Como esta CVE só é explorável em conjunto com CVE-2021-26855, qualquer controle compensatório precisa mitigar a cadeia inteira, não apenas esta peça. A Microsoft chegou a publicar mitigações interinas (URL Rewrite bloqueando padrões usados no SSRF, desabilitar serviços de Unified Messaging, EWS e ECP quando não usados) para quem não conseguia atualizar imediatamente, mas essas medidas eram paliativas e não substituíam o patch — servidores mitigados e não corrigidos continuaram sendo alvo.

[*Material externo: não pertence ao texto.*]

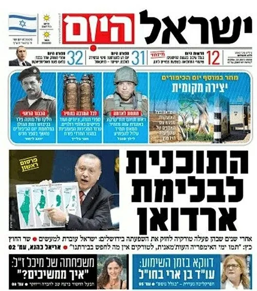 Gazetenin bugünkü sayısında "Erdoğan'ı engelleme planı" başlığı ile manşetten verilen haberde, İsrail Dışişleri Bakanı Israel Katz'ın, Türkiye'nin Doğu Kudüs'te ikamet eden Filistinlilere yönelik insani yardımlarını, kalkınma projelerini, sosyal ve kültürel faaliyetlerini engellemek amacıyla bakanlığına bir plan hazırlaması talimatı verdiğini aktardı.

Restringir acesso externo direto às portas do Exchange (colocando-o atrás de VPN ou proxy autenticado antes do IIS) reduz a superfície, mas ambientes que expõem OWA/ECP diretamente à internet — o padrão em muitas organizações — ficam vulneráveis enquanto não aplicam a atualização.
Se o servidor já foi exposto à internet sem patch por qualquer período em 2021, aplicar a atualização não é suficiente: é necessário assumir possível comprometimento prévio e caçar webshells e indicadores de persistência, já que a exploração massiva antecedeu a divulgação e o patch.
How to detect
Como a exploração real depende da cadeia ProxyLogon completa, os sinais mais confiáveis não estão isolados nesta CVE: procure por arquivos .aspx recém-criados em diretórios do IIS servidos pelo Exchange (especialmente sob caminhos do OWA/ECP e aspnet_client) sem correspondência com atualizações legítimas, entradas de log do IIS com requisições POST anômalas para /ecp/ ou /owa/ com padrões de SSRF (X-BEResource, X-AnonResource-Backend) antecedendo a criação desses arquivos, e presença de webshells conhecidos (variantes de China Chopper) no sistema de arquivos.
A Microsoft e a CISA distribuíram scripts de verificação voltados especificamente para indicadores de comprometimento do ProxyLogon (incluindo o CVE-2021-27065) logo após a divulgação; ambientes que não rodaram essa verificação retroativamente sobre logs de fevereiro-março de 2021 não têm garantia de que a ausência de sinais atuais signifique ausência de comprometimento passado.